BMI was the main contributory modifiable factor of BP level after multiple adjustments.

Hypertension is the most prevalent chronic disease, affecting more than 30% of adults aged ≥25 years worldwide.¹ Complications of hypertension account for 9.4 million deaths every year. In France, its estimated prevalence is 31% for adults aged 18–74 years.² Furthermore, most epidemiological studies have shown that among people with treated hypertension, only a minority have blood pressure (BP) in the desired range.² With such an increasing prevalence of hypertension and the difficulty in managing it, strategies are required to prevent its incidence. Hypertension has a multifactorial origin that includes genetic and behavioral factors. Different lifestyle behaviors have been shown to be associated with the prevalence of hypertension.³ On this basis, the following 5 nonpharmacological measures are usually recommended within worldwide guidelines, with the aim of preventing and improving the risk of complications related to high BP^4–6: maintaining or attaining a normal weight, that is, a body mass index (BMI) of <25kg/m²; increasing physical activity; limiting alcohol consumption to 2 drinks a day for men and 1 drink a day for women; controlling dietary salt intake at 6g/day; and having a dietary approach to stop hypertension (DASH), that is, a diet rich in fruits, vegetables, and low-fat dairy products and reduced in saturated and total fat.^7,8 However, it appears to be difficult to implement and maintain these lifestyle behaviors in daily life; some research suggests that their combination has a subadditive effect on BP reduction.⁹

In addition to these 5 recommended measures, several other nutritional factors including intake of fiber, magnesium, phosphorus, and calcium may affect BP. However, findings from controlled trials have shown a modest, inconsistent effect on BP level.

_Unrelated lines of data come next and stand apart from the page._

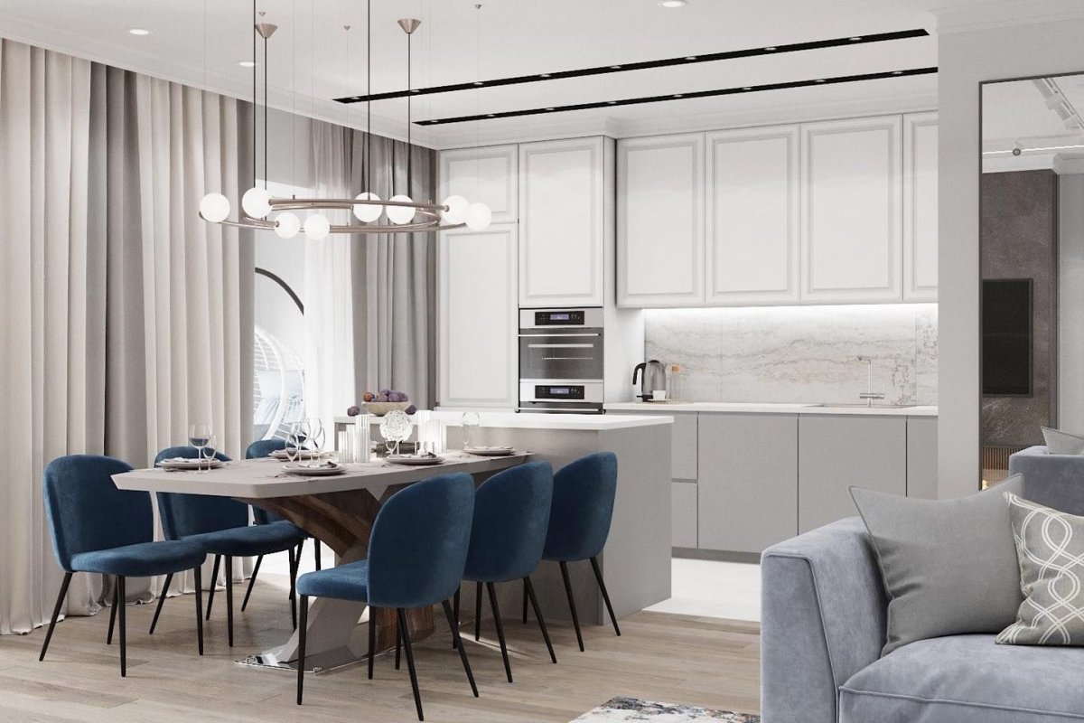 Фото: Кухня гостиная Неоклассика Скандинавия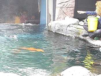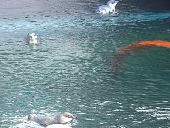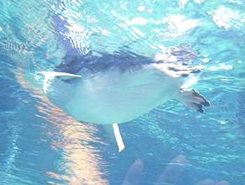| ペンギンが泳いでいるのを、水中からも見られるようになっています。 |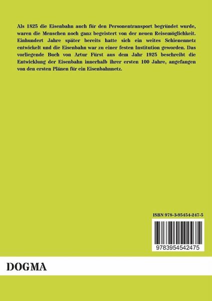 Als 1825 die Eisenbahn auch für den Personentransport begründet wurde, waren die Menschen noch ganz begeistert von der neuen Reisemöglichkeit. Einhundert Jahre später bereits hatte sich ein weites Schienennetz entwickelt und die Eisenbahn war zu einer festen Institution geworden. Das vorliegende Buch von Artur Fürst aus dem Jahr 1925 beschreibt die Entwicklung der Eisenbahn innerhalb ihrer ersten 100 Jahre, angefangen von den ersten Plänen für ein Eisenbahnnetz.
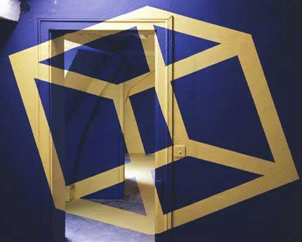 Полоса проходила через фронтальную стену, дверной проем, стену за проемом, стену в торце и возвращалась через проем на фронтальную стену. В результате возникала четкая иллюзия того, что полоса просто перекрывает дверной проем, - выглядело это очень забавно. И тогда Феличе решил посвятить этим развлечениям всю свою жизнь.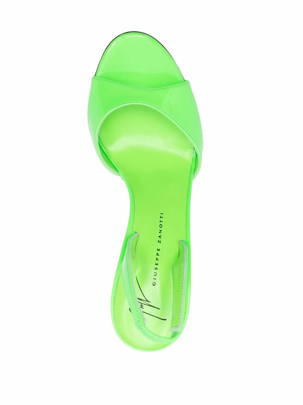slingback open-toe sandals from Giuseppe Zanotti featuring fluorescent yellow, leather, slingback strap, open toe and high heel.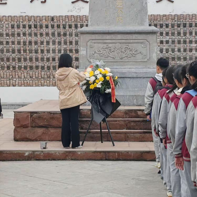 全体瞻仰了革命烈士纪念碑并高唱中华人民共和国国歌,随后列队肃立、默哀,给烈士敬献鲜花,向革命烈士表达敬意、寄托哀思。忠魂陨落,浩气长存。师大附实校初中部副校长张娇为鲜花整理系带,并发表讲话。张校长呼吁同学们要珍惜现在来之不易的幸福生活,努力学习,为祖国的繁荣昌盛贡献自己的力量。

Nutritional policies have been implemented in several countries for hypertension prevention in the general population. In France, the prevention of high BP through nutrition is one objective of the French Nutrition and Health Program (Programme National Nutrition Santé) launched in 2001 by the French Ministry of Health.¹⁰ However, lifestyle changes are recommended for patients at each BP level and with each risk level, while few data are available in this field, particularly in untreated populations.

Our aim in this study was to evaluate and quantify the association between an individual’s characteristics, modifiable lifestyle behaviors (in particular, dietary intake), and BP among a general population of untreated French adults. A second goal was to quantify the extent to which the recommended lifestyle factors were determinants of BP level in order to promote their individual or general implementation.

METHODS

Study design

The NutriNet-Santé cohort Study is an ongoing French web-based study. Details concerning study protocol, design, and methods have been detailed elsewhere.¹¹ Briefly, the NutriNet-Santé Study was implemented in a general population, targeting Internet-using adult volunteers aged ≥18 years. Launched in May 2009, the study is planned for a scheduled follow-up of 10 years. Using a dedicated website, participants were asked to complete questionnaires at baseline and every year thereafter. The baseline and annual questionnaires provide information on sociodemographics, lifestyle characteristics, health status, medication use, physical activity, and diet. In addition to the web study, a subsample of volunteer participants was asked to visit a local consultation center (60 sites disseminated throughout France) where blood samples are collected and clinical examinations performed. All participants signed an informed consent form. The International Research Board of the French Institute for Health and Medical Research (0000388FWA00005831) and the Comité National Informatique et Liberté (CNIL; 908450 and 909216) approved the NutriNet-Santé Study. The Consultation Committee for the Protection of Participants in Biomedical Research (C09-42; 5 May 2010) and the CNIL (1460707) approved the collection of biological samples and clinical data.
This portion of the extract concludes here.